*** Block opens ***
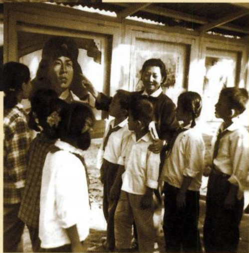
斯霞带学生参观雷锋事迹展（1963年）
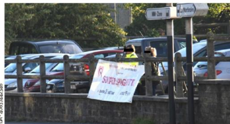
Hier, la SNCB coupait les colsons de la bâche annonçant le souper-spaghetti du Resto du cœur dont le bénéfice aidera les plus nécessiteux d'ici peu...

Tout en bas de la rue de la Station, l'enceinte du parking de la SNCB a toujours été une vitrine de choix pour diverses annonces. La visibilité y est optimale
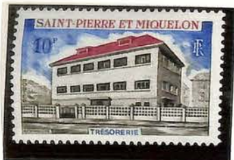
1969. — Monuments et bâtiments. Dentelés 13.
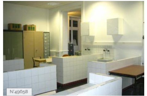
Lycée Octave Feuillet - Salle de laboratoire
*** Block closes ***
*** Block opens ***
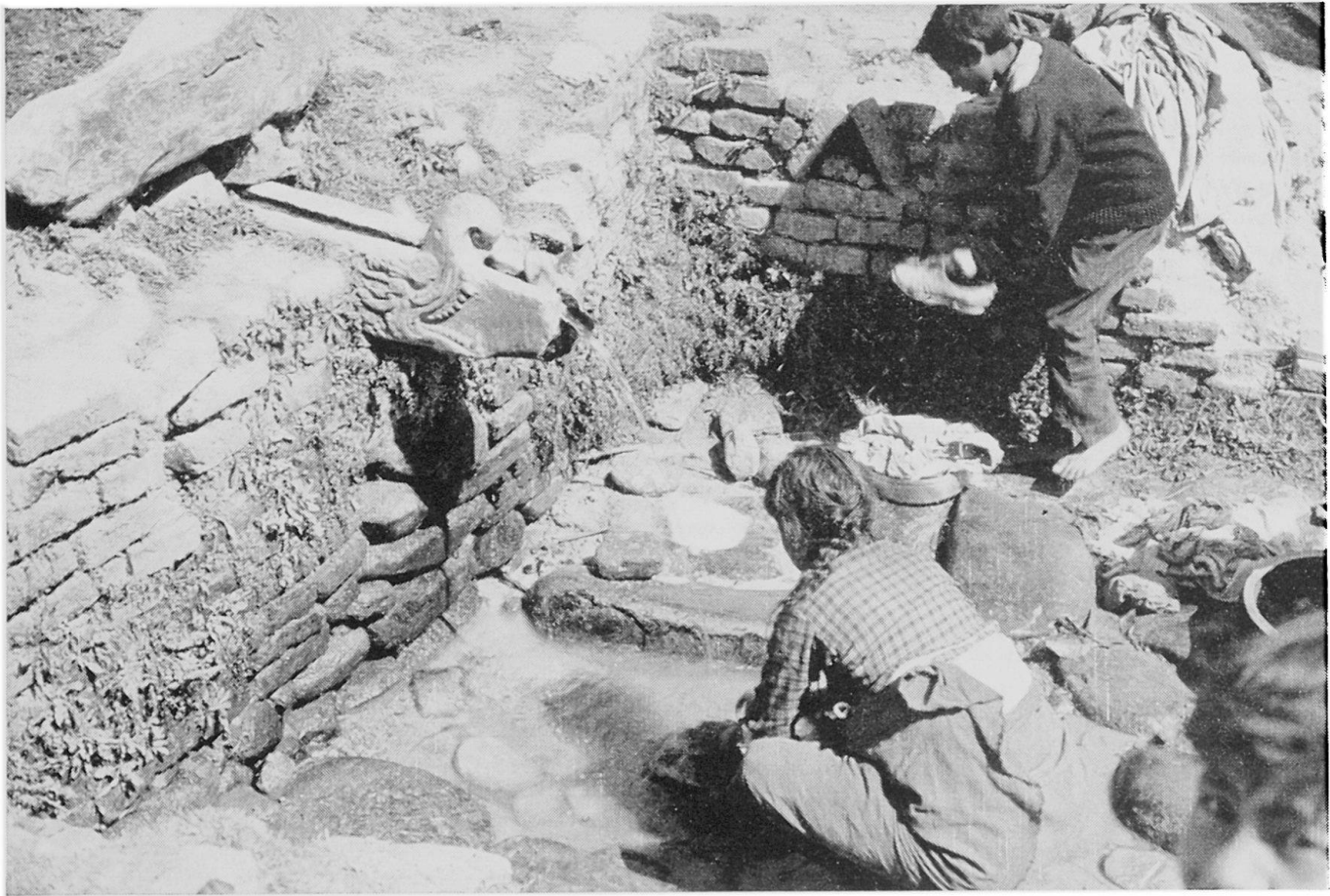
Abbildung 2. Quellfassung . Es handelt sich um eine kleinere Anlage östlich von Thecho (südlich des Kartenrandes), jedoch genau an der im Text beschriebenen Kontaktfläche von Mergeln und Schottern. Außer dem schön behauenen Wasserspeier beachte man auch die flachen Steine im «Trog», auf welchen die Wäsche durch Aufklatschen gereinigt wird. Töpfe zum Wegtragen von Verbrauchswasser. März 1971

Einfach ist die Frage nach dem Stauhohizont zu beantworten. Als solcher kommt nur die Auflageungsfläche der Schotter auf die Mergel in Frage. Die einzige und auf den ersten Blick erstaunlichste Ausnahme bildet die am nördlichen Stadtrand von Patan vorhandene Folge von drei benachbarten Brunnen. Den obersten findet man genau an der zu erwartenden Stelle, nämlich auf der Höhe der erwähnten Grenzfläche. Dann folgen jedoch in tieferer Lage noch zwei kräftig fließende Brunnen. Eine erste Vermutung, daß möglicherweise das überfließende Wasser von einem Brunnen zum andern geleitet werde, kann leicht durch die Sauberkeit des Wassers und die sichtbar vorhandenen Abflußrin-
*** Block closes ***
■ **Brief**:
Would you restate, exactly and with no pictures, the lines of the entries above from the one containing "斯霞带学生参观雷锋事迹展（1963年）" through the one containing "Lycée Octave Feuillet - Salle de laboratoire"?

■ **Solution to this problem**:
斯霞带学生参观雷锋事迹展（1963年）
Hier, la SNCB coupait les colsons de la bâche annonçant le souper-spaghetti du Resto du cœur dont le bénéfice aidera les plus nécessiteux d'ici peu...

Tout en bas de la rue de la Station, l'enceinte du parking de la SNCB a toujours été une vitrine de choix pour diverses annonces. La visibilité y est optimale
1969. — Monuments et bâtiments. Dentelés 13.
Lycée Octave Feuillet - Salle de laboratoire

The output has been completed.